Las razones me las da él mismo. No ha perdido ni un ápice de su optimismo antropológico. Y me cuenta que hace deporte todos los días que puede, que se levanta a las 6 de la mañana para correr. Y sobre todo, que duerme tranquilo. Así es que va a tener razón, pienso yo: si con la que está cayendo concilia el sueño y sigue optimista, las ojeras que luce y las canas que le asoman serán por los años que va cumpliendo, 50, no por las preocupaciones. Miedo me da que así sea. Verdaderamente no entiendo por qué no ha confesado alguna inquietud...
Decía Margaret Thatcher que «la misión de un político no es la de gustar a todo el mundo», obviando que la devoción de un político consiste en ganarse la confianza del mayor número de ciudadanos posibles. Por eso ante la cámara, Zapatero se comporta como un hombre esquivo, sólo dispuesto a ajustarse a su guión. Aquí no está ni tranquilo, ni confiado. Rehúye las preguntas sin regalar un titular, convencido de que el interés por conocer la verdad de las cosas es un capricho de la incómoda periodista, y no del espectador. Tremendo error. La periodista pregunta lo que a cada hijo de vecino le gustaría interrogar a un presidente como él, si le tuviera delante. «¿Presidente, de verdad alguna vez no ha pensado en irse para no tener que aplicar políticas tan alejadas de su ideología?». Un pregunta humana, que él despeja con una respuesta sobre reformas iniciadas, índices encaminados, estadísticas cuadradas y objetivos cumplidos. Como los viejos feriantes callejeros, que a base de parloteo pretendían vender las delicias de la manta. La misma monserga de siempre, las peroratas conocidas ajustadas al guión de lo que se considera ha de ser un buen político. O sea, ¿dónde vas?, manzanas traigo. Como si el espectador fuera un memo, que se conformara con una respuesta de argumentario de partido.
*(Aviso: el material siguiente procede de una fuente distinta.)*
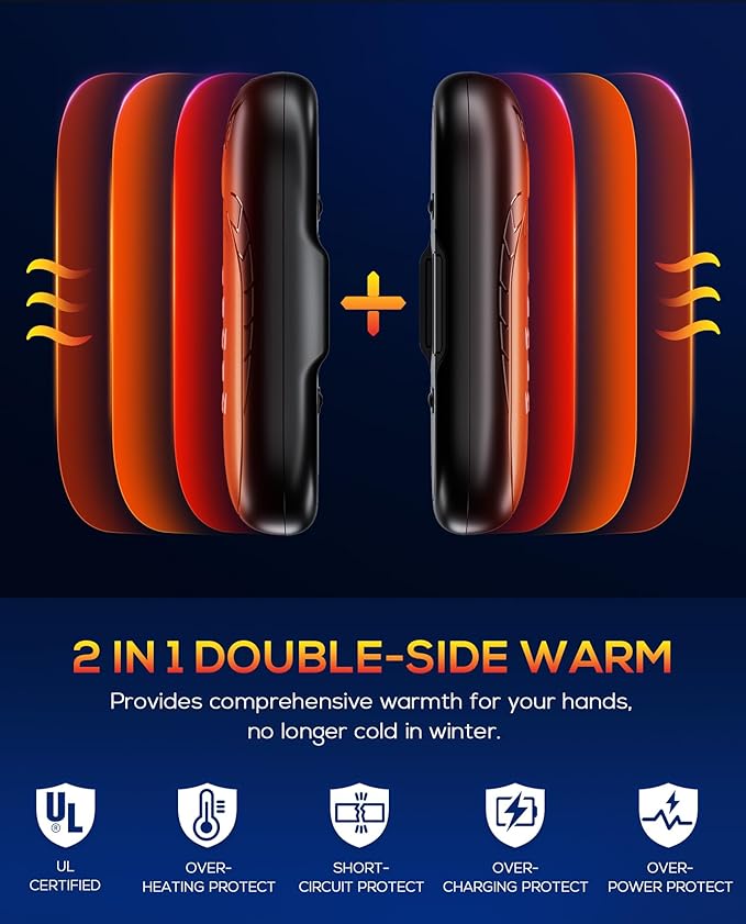 - 【High-Performance&Safety Certified】This hand warmer is made of advanced lithium batteries, aluminum, and ABS which are certificated with UL, CE, and FCC. The built-in intelligent protection system can provide protection against common problems such as power fluctuations, short circuits and overloads. It is flame-proof, explosion-proof and has no radiation, giving you peace of mind.
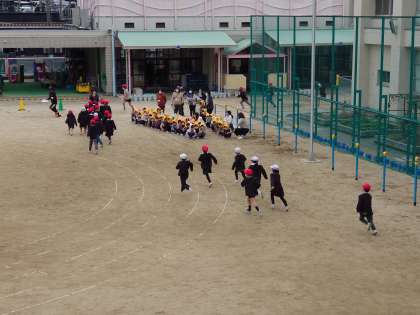 休み時間の発生を想定した訓練のため、運動場で遊んでいる人は教室に戻らず、運動場で待機します。
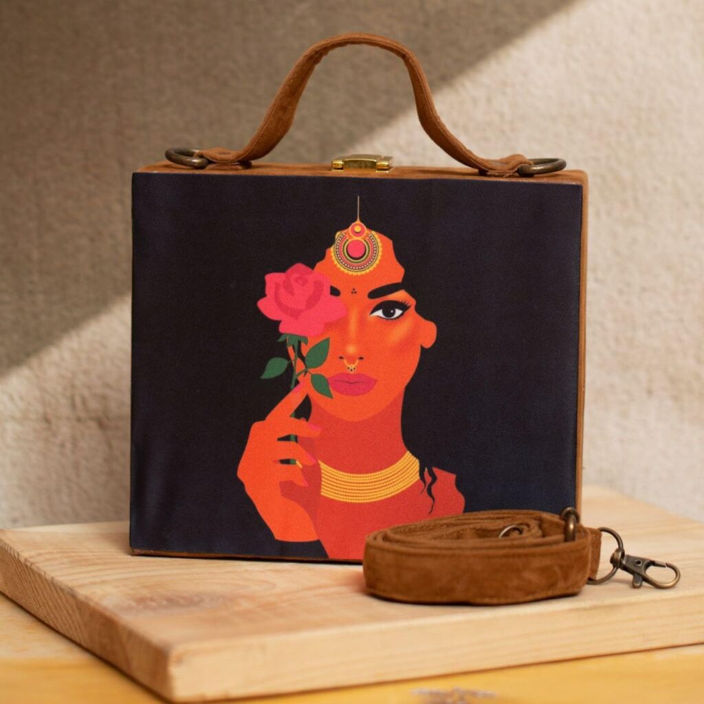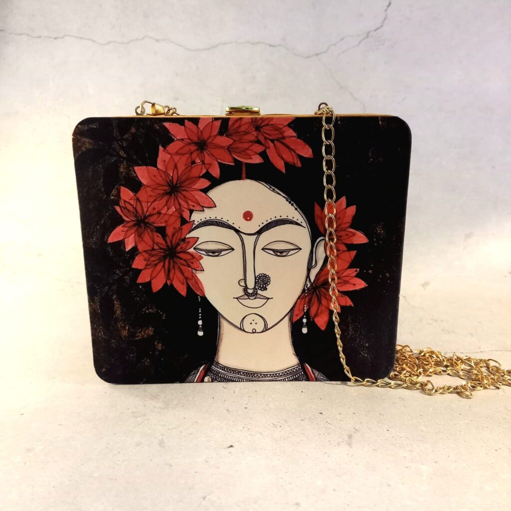 Introducing Yashna’s handcrafted, vegan clutch where artistry meets ethical fashion! This stunning piece showcases a bold, artistic illustration that brings personality and vibrancy to your look. Made from eco-friendly, cruelty-free materials, the clutch is perfect for those who appreciate both style and sustainability.

Zapatero no practica eso de que una mentira repetida mil veces se convierte en una verdad –no seré yo quien diga eso– pero sí se emplea a fondo en la propaganda política. Sin concederse una confesión personal, una pequeña debilidad, un guiño ojeroso, un quiebro humano para encontrar la complicidad de un público no propicio a creerle. Pero no se desanimen. Lo mismo podría escribir de Rajoy. El primero que asome humanidad, por lo menos, dobla la partida.